European Central Bank Study Challenges DeFi DAO Decentralization Claims Under MiCA Framework

European Central Bank Study Challenges DeFi DAO Decentralization Claims Under MiCA Framework

A recent European Central Bank research document reveals that DeFi protocol governance is heavily centralized, creating challenges for determining which entities should be regulated under MiCA rules.

On March 26, the European Central Bank released a working paper revealing significant concentration of governance power within four prominent DeFi protocols.

The research document examines Aave, MakerDAO, Ampleforth and Uniswap, revealing that despite governance tokens being distributed among tens of thousands of wallet addresses, the top 100 token holders maintain control over more than 80% of total supply in each of these protocols.

Drawing from holdings data captured in November 2022 and May 2023, the researchers discovered that a substantial portion of governance tokens can be traced back to the protocols' own entities or to both centralized and decentralized cryptocurrency exchanges, with Binance emerging as the largest identifiable centralized exchange token holder across all four examined protocols.

The research team stated that these discoveries call into question the assumption that decentralized autonomous organizations (DAOs) are truly decentralized in nature, presenting concerns regarding accountability and creating difficulties in determining potential regulatory oversight points within the European Union's Markets in Crypto-Assets Regulation (MiCA) framework. Under current MiCA provisions, "fully decentralised" services are exempted from regulatory requirements.

Top token holders dominate governance

The research team additionally examined which participants actually cast votes on critical proposals, determining that the primary voters are predominantly delegates who exercise delegated voting authority from smaller token holders.

In Ampleforth, the top 20 voters command 96% of delegated voting authority, whereas in MakerDAO the top 10 voters possess 66% of delegated votes, and in Uniswap the top 18 maintain 52%. Approximately one-third of leading voters lack public identification, and among those who can be identified, the predominant groups consist of individuals and Web3 companies, with university blockchain societies and venture firms following closely behind.

ECB Working Paper on DeFi
ECB Working Paper on DeFi: Source: ECB

Cointelegraph contacted Aave, Uniswap, MakerDAO, and Ampleforth for comment, but had not received a response by publication.

Kavi Jain, senior research associate at Bitwise, explained to Cointelegraph that numerous major DeFi protocols were not as decentralized in actual practice as they may seem, particularly during their early development phases, where a limited group continues to possess "meaningful influence over decisions."

He referenced the recent Aave governance debate which illustrated how, despite having a DAO structure in place, voting power can "still be concentrated among a few participants."

MiCA faces DeFi accountability problem

The research document details what governance mechanisms actually determine, discovering that the greatest proportion of proposals concerns "risk parameters" that define the protocols' risk characteristics.

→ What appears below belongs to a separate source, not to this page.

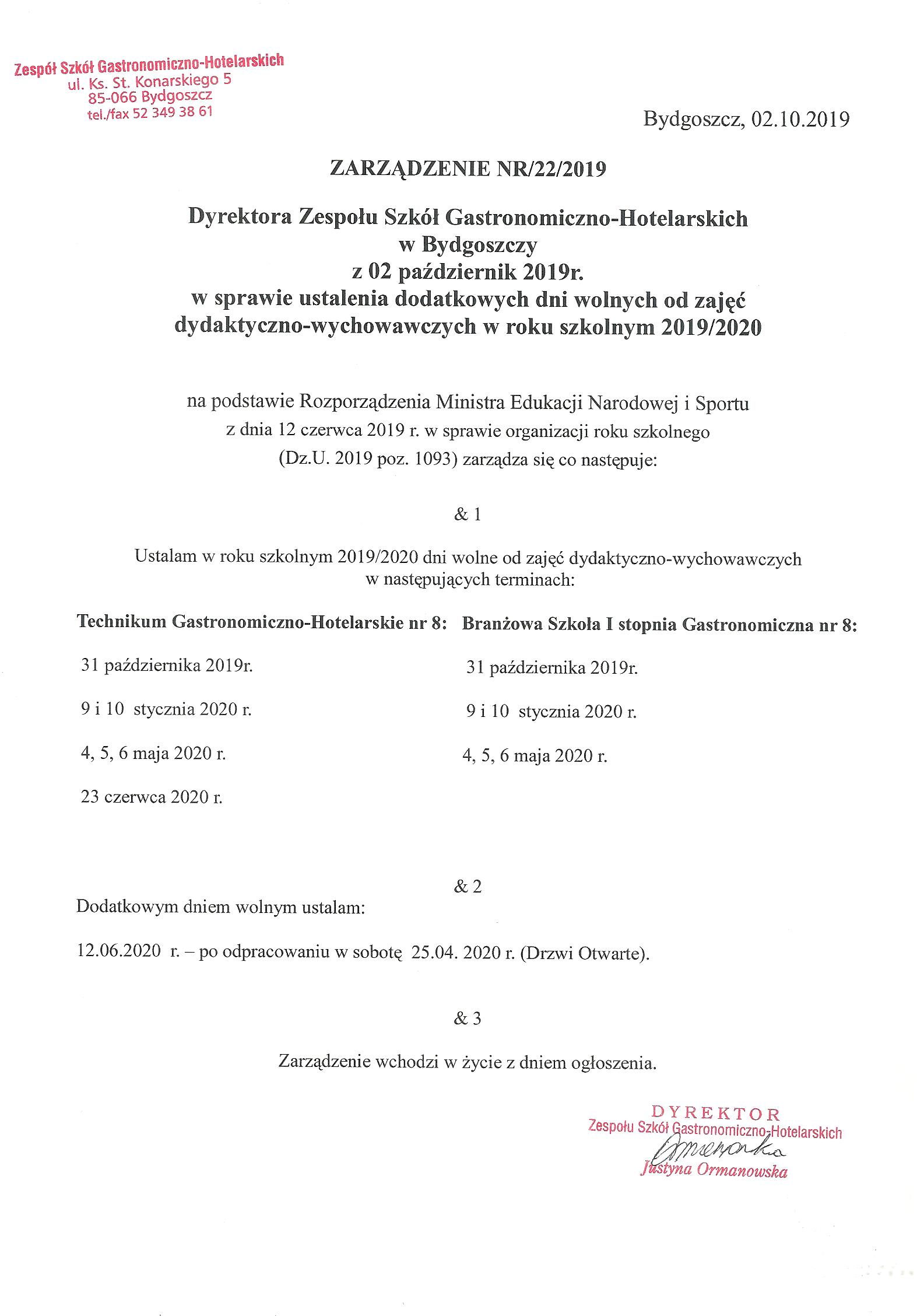 Dodatkowe dni wolne w roku szkolnym 2019-2020

This presents additional questions regarding accountability, particularly considering that it is "not possible" to determine from publicly accessible data whether protocol-associated holdings are owned by founders, developers or treasuries, or whether exchange wallets are casting votes using their own holdings or those belonging to customers.

There are certain limitations with the research methodology, and the document itself cautions that it does not encompass the "full scope of the DeFi ecosystem," attributable to inadequate data availability.

The research document also emphasizes that it represents the authors' perspectives rather than official ECB policy position, however, it cautions that the challenge of reliably determining who controls major protocols creates difficulties in relying on common regulatory entry points such as governance token holders, developers or centralized exchanges, and indicates that the appropriate regulatory anchor may vary protocol by protocol and necessitate information that is not publicly accessible.

Its conclusions mirror previous warnings from the Financial Stability Board and other organizations, referenced in the paper, that DeFi's commitment to disintermediation frequently conceals new types of concentration and governance risk that resemble, and occasionally magnify, those observed in traditional finance.